Outrage has erupted around the world after Kyodo Senpaku chose to open their whale meat vending machines in two locations across Tokyo. The first stores have gone live this month, following successful trials last year; despite fierce backlash from animal rights activists who demand that the Japanese whaling company close up shop immediately. With these “kujira” (whale meat) stores causing such criticism, it is clear that now would be an ideal time for them to cease production and back down before matters escalate further.
With costs for whale meat in the vending machine ranging from 1,000-3,000 yen (or approximately eight to twenty-two dollars), animal rights activists have labeled it a “cynical sales scheme” designed to get customers to purchase their goods.
Astrid Fuchs of Whale and Dolphin Conservation declared in a public announcement: “This latest cynical sales ploy comes at a time when the fisheries agency in Japan is aiming to expand the nation’s whale-catch quotas – and possibly increase the list of species that can be killed.”
Japan has traditionally had a taste for whale meat, given the country’s isolated geographical position. However, as other sources of protein like beef and chicken have become more easily accessible in recent decades, Japan’s consumption of whale meat has dropped off substantially since the 1960s.
In 1962, the Japanese population consumed an impressive 233,000 tons of whale meat. Yet by 2021, their consumption habits had drastically changed; with only 1,000 tons being eaten across the entire Asian island nation that year. This represents a drastic reduction in Japan’s appetite for whale meat over time.
In spite of the protests and negative feedback, the Japanese whaling company is still determined to push for more Japanese consumers to taste whale meat. To do so, they recently launched a series of vending machines that exclusively sell whale meat products. A spokesman of Kyodo Senpaku said: “Sales have outstripped our expectations, even though the products aren’t exactly cheap.”
He added that “Some of the items have sold out.”
Although the international community is unsupportive of Japanese whaling, Japan’s government went forward and spent a staggering five billion yen to uphold the industry in 2020. Even though whale meat sales have been steadily decreasing and enthusiasm for it has dwindled among its citizens, they still insist on keeping this traditional practice alive.

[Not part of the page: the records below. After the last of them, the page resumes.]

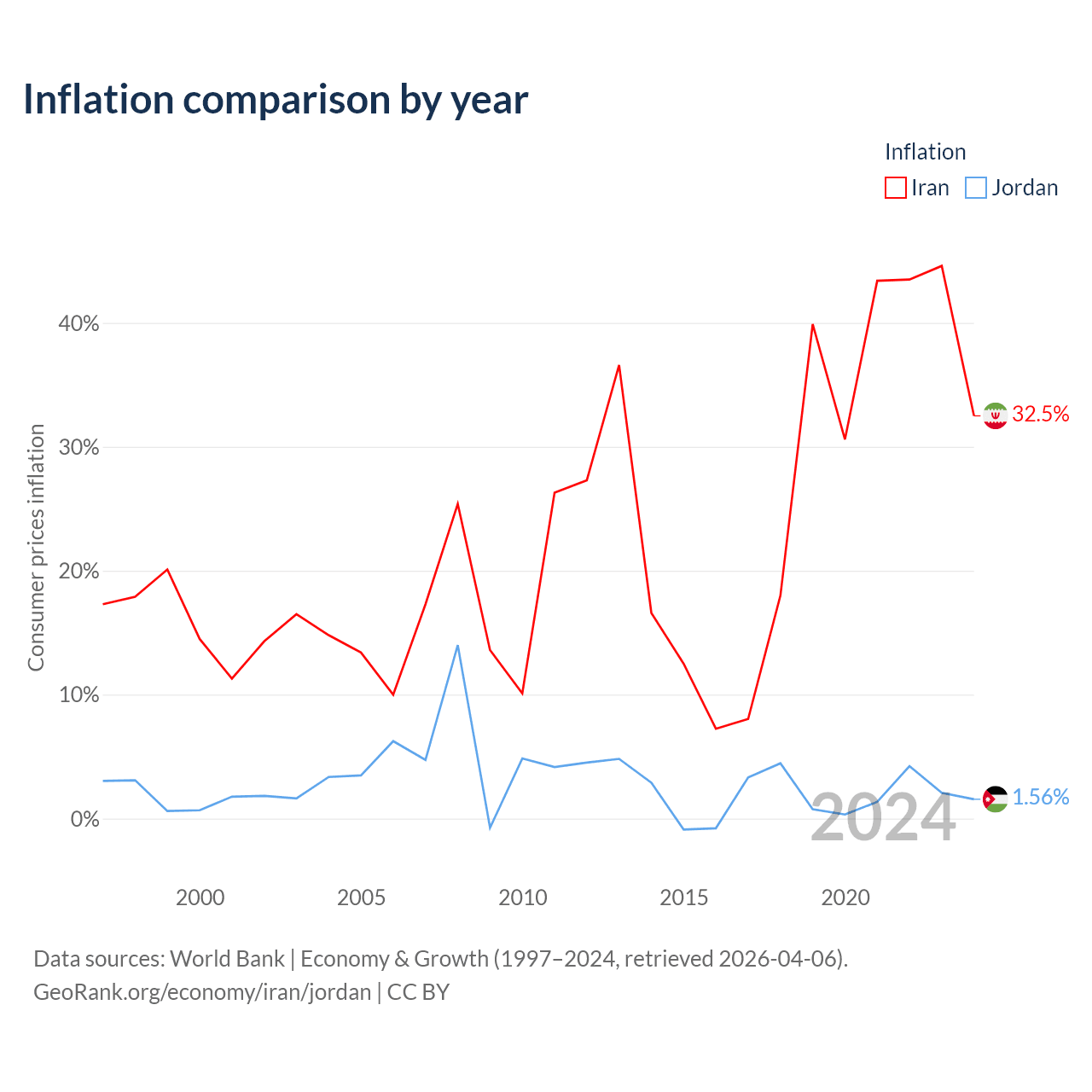 Iran has a GDP of $475B compared to $53.4B for Jordan, ranking 34/197 and 90/197 by economy size, respectively.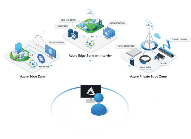 微軟的 Azure Edge Zones 分二種。一是結合電信業者的 Azure Edge Zones 。美國電信業者 AT&T 已推出達拉斯 Edge Zone,計畫今年春天再在洛杉磯推出。此外其他國家的電信業者,如阿聯電信(Etisalat)、 NTT 、 Proximus 、 Rogers 、 SK Telecom 、 Telstra 和 Vodafone 等也會推出 Edge Zone 服務。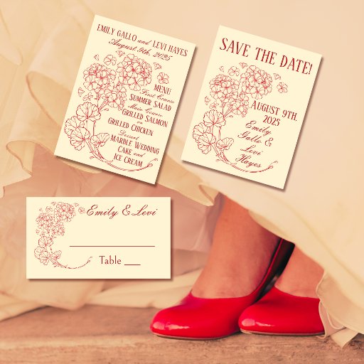 Numeração De Mesa Red Geraniums em Beige Wedding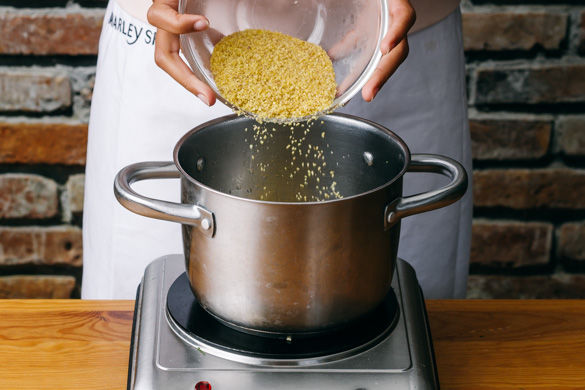 400ml gesalzenes Wasser in einem mittleren Topf zum Kochen bringen. 1EL Öl hinzufügen und Bulgur rein rieseln lassen, die Hitze abdrehen und mit Deckel für ca. 10-12Min. dünsten. Im Anschluss mit einer Gabel auflockern.

In 2014, the international court of justice ruled that Japan must cease its yearly massacre of over nine hundred whales in the Southern Ocean. Although Japan insisted it was performing these hunts for scientific study purposes, it still withdrew from the International Whaling Commission and renounced its whale hunting activities in waters abroad. Nevertheless, they did concede to continue whaling along their own coastlines.
In 1986, the International Whaling Commission issued a call for an end to commercial whaling; however, Japan was still celestially accepted to hunt whales in the Southern Ocean annually during winter. Unsurprisingly this year, so far the Japanese government assigned a quota of 379 whales over three distinct species.